*Assignment*: Your answer should be the full data, transcribed exactly, with no pictures in it.

*Information supplied*:
============================================================

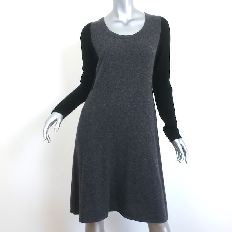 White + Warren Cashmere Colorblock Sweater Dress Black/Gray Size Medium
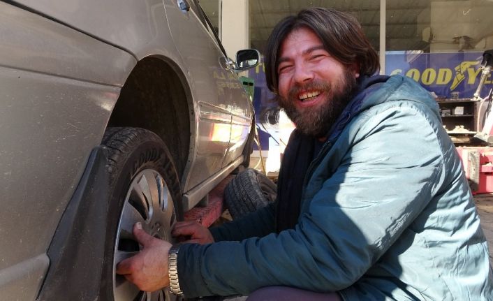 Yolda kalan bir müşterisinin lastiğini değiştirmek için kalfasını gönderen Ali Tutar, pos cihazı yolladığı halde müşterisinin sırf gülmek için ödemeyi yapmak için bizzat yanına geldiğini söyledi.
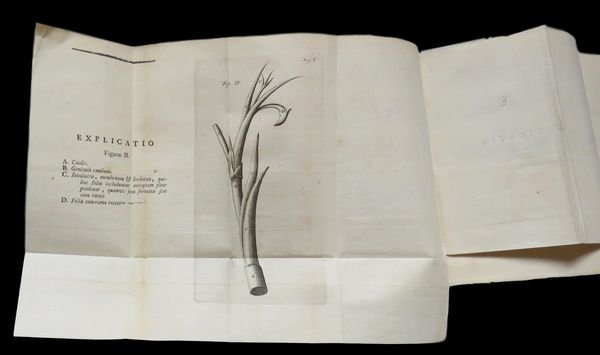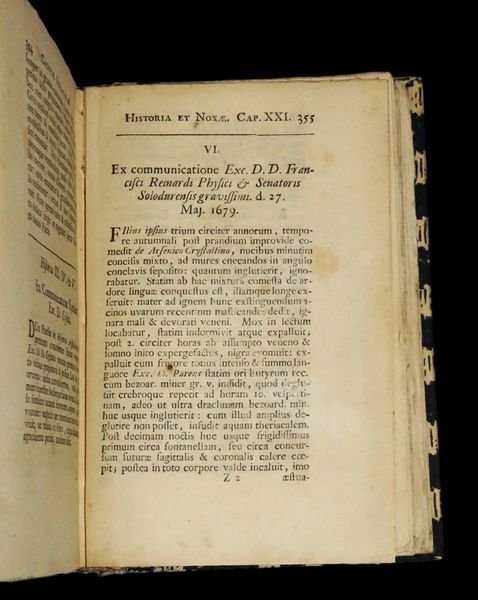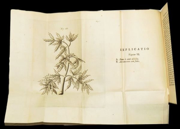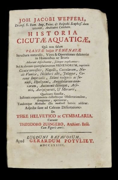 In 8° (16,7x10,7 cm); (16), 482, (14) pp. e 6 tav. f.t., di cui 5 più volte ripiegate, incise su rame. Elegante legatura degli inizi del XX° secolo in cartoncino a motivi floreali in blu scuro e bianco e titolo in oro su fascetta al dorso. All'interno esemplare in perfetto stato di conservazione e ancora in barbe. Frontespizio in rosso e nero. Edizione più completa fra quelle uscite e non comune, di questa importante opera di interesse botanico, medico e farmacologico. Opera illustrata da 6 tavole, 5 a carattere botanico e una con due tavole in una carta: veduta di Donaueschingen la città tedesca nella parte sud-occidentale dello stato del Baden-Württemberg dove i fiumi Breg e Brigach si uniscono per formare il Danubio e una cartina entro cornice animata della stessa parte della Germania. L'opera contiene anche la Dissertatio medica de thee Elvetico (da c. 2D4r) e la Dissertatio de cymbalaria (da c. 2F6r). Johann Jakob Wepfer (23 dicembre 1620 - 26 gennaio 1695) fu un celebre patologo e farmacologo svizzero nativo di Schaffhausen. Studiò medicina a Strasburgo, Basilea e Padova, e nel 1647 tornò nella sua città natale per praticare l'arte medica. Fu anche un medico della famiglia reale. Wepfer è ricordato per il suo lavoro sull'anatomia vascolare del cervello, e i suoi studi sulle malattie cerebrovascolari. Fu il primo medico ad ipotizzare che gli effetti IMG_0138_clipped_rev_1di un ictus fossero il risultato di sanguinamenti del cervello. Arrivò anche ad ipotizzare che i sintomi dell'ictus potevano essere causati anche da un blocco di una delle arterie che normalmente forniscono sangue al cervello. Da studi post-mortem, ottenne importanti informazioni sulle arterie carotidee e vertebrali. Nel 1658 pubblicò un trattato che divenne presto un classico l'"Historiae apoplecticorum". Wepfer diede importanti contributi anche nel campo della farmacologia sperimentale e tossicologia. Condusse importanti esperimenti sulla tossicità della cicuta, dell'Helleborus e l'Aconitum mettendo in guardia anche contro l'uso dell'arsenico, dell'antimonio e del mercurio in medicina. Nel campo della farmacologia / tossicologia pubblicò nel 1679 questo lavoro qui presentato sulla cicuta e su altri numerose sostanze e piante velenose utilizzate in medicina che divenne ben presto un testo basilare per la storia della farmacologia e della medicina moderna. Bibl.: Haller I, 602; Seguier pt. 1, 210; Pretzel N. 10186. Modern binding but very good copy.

============================================================

*Result of the exercise*:
 White + Warren Cashmere Colorblock Sweater Dress Black/Gray Size Medium
 Yolda kalan bir müşterisinin lastiğini değiştirmek için kalfasını gönderen Ali Tutar, pos cihazı yolladığı halde müşterisinin sırf gülmek için ödemeyi yapmak için bizzat yanına geldiğini söyledi.
 In 8° (16,7x10,7 cm); (16), 482, (14) pp. e 6 tav. f.t., di cui 5 più volte ripiegate, incise su rame. Elegante legatura degli inizi del XX° secolo in cartoncino a motivi floreali in blu scuro e bianco e titolo in oro su fascetta al dorso. All'interno esemplare in perfetto stato di conservazione e ancora in barbe. Frontespizio in rosso e nero. Edizione più completa fra quelle uscite e non comune, di questa importante opera di interesse botanico, medico e farmacologico. Opera illustrata da 6 tavole, 5 a carattere botanico e una con due tavole in una carta: veduta di Donaueschingen la città tedesca nella parte sud-occidentale dello stato del Baden-Württemberg dove i fiumi Breg e Brigach si uniscono per formare il Danubio e una cartina entro cornice animata della stessa parte della Germania. L'opera contiene anche la Dissertatio medica de thee Elvetico (da c. 2D4r) e la Dissertatio de cymbalaria (da c. 2F6r). Johann Jakob Wepfer (23 dicembre 1620 - 26 gennaio 1695) fu un celebre patologo e farmacologo svizzero nativo di Schaffhausen. Studiò medicina a Strasburgo, Basilea e Padova, e nel 1647 tornò nella sua città natale per praticare l'arte medica. Fu anche un medico della famiglia reale. Wepfer è ricordato per il suo lavoro sull'anatomia vascolare del cervello, e i suoi studi sulle malattie cerebrovascolari. Fu il primo medico ad ipotizzare che gli effetti IMG_0138_clipped_rev_1di un ictus fossero il risultato di sanguinamenti del cervello. Arrivò anche ad ipotizzare che i sintomi dell'ictus potevano essere causati anche da un blocco di una delle arterie che normalmente forniscono sangue al cervello. Da studi post-mortem, ottenne importanti informazioni sulle arterie carotidee e vertebrali. Nel 1658 pubblicò un trattato che divenne presto un classico l'"Historiae apoplecticorum". Wepfer diede importanti contributi anche nel campo della farmacologia sperimentale e tossicologia. Condusse importanti esperimenti sulla tossicità della cicuta, dell'Helleborus e l'Aconitum mettendo in guardia anche contro l'uso dell'arsenico, dell'antimonio e del mercurio in medicina. Nel campo della farmacologia / tossicologia pubblicò nel 1679 questo lavoro qui presentato sulla cicuta e su altri numerose sostanze e piante velenose utilizzate in medicina che divenne ben presto un testo basilare per la storia della farmacologia e della medicina moderna. Bibl.: Haller I, 602; Seguier pt. 1, 210; Pretzel N. 10186. Modern binding but very good copy.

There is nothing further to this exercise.